Caro direttore,
l’immigrazione in Italia andrebbe, una volta per tutte, affrontata con realismo pensando al bene comune, senza correre dietro ad immagini distorte o allarmistiche, per non parlare di espressioni e giudizi che aprono il campo a manifestazioni intolleranza e xenofobia. Soprattutto, andrebbe combattuta l’idea che si tratta di un fenomeno ingestibile. È la stessa realtà a smentirlo.
Basta pensare che gli stranieri residenti in Italia sono circa 5 milioni e 200mila unità, vale a dire l’8,8 per cento della popolazione, persone e famiglie che, in diverse forme, contribuiscono ormai da anni alla crescita della nostra economia e al nostro gettito fiscale. Un numero che dimostra quanto sia possibile integrare chi viene da altre nazioni nel tessuto socio-economico del nostro paese.

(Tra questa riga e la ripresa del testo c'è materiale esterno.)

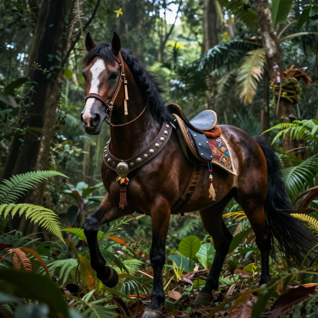 Horse body human head tribal warrior in dense jungle, ornate armor, vibrant foliage, powerful stance, fantasy realism, intense expression

È questa la strada maestra che occorre continuare a percorrere: la presenza regolare. Perché farebbe bene non solo agli stranieri che aspirano a vivere con dignità in un paese in cui c’è lavoro e democrazia, ma anche agli italiani che peraltro spesso li richiedono senza riuscire a farli entrare, in assenza di strumenti che lo consentano.
Infatti, secondo i dati Eurostat, per mantenere il suo livello di produttività l’Italia dovrebbe acquisire ogni anno almeno 200mila lavoratori stranieri. Perché non raggiungere o almeno avvicinarci a questa quota fisiologica anziché lasciare alla criminalità la gestione dei flussi migratori che alimentano i viaggi sulle carrette del mare e, di conseguenza, anche le troppo frequenti tragedie nelle acque del Mediterraneo? Gestire anziché farsi gestire. Alcune proposte concrete, che si possono riassumere in 5 punti, aiuterebbero a prosciugare l’irregolarità a vantaggio di tutti.

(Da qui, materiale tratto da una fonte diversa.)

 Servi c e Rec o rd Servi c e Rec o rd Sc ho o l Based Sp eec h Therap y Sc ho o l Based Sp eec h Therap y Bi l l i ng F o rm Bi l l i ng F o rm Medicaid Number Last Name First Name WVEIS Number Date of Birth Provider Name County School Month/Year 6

Prima di tutto una revisione al rialzo del cosiddetto «decreto flussi», cioè la quota di persone che possono entrare ogni anno per motivi di lavoro. L’ultimo, varato nel dicembre 2021, ha previsto l’ingresso di 69.000 unità allargando la platea dei candidati rispetto agli anni precedenti, ma si tratta di una cifra ancora inadeguata rispetto le esigenze.
In secondo luogo: è giusto privilegiare l’ingresso ai lavoratori che provengono da paesi con i quali l’Italia ha stipulato un accordo di cooperazione, ma ciò dovrebbe avvenire solo in modo prioritario e non esclusivo, altrimenti si preclude questa possibilità a nazionalità che hanno dimostrato un’importante capacità di integrazione e di radicamento come quella peruviana e colombiana, solo per fare due esempi, o che resterebbero nelle mani dei trafficanti di essere umani, come nel caso dell’Eritrea o di altri paesi africani. Se si vuole davvero contrastare l’immigrazione illegale occorre che l’ingresso regolare venga visto, da chi intende migrare, come un obiettivo raggiungibile.
Terzo: è giusto privilegiare alcuni settori produttivi particolarmente richiesti (come quello dell’autotrasporto, dell’edilizia e del turistico alberghiero) ma non bisogna escludere altre professionalità come quelle che riguardano i servizi domestici o di assistenza alle persone fragili e alle famiglie, per le quali si registra una forte domanda inevasa.
Quarto: stabilizzare la norma del giugno scorso (aggiuntiva al decreto flussi) che prevede di presentare la domanda di assunzione anche per i lavoratori stranieri non residenti ma presenti in Italia. In altre parole, uscendo dal linguaggio burocratico, favorire il prosciugamento degli immigrati che vivono nel nostro paese ma che, per motivi vari, attualmente risultano irregolari. La gran parte di loro lo sono infatti solo per motivi amministrativi e non perché hanno violato la giustizia.
Quinto: introdurre una quota annuale di ingressi per «ricerca lavoro» su chiamata di un «prestatore di garanzia» che assicurerebbe il mantenimento della persona per almeno un anno. Il motivo è presto detto: questo meccanismo, sia pure contingentato, permetterebbe a molti parenti già presenti in Italia di far venire alcuni familiari in modo regolare invece che clandestinamente.
Cinque proposte facilmente applicabili perché in sintonia con il nostro sistema normativo e facilmente condivisibili se ci si pone di fronte al fenomeno dell’immigrazione non in modo ideologico ma con risposte concrete che favoriscono l’integrazione e, quindi, la crescita umana, sociale ed economica del nostro paese.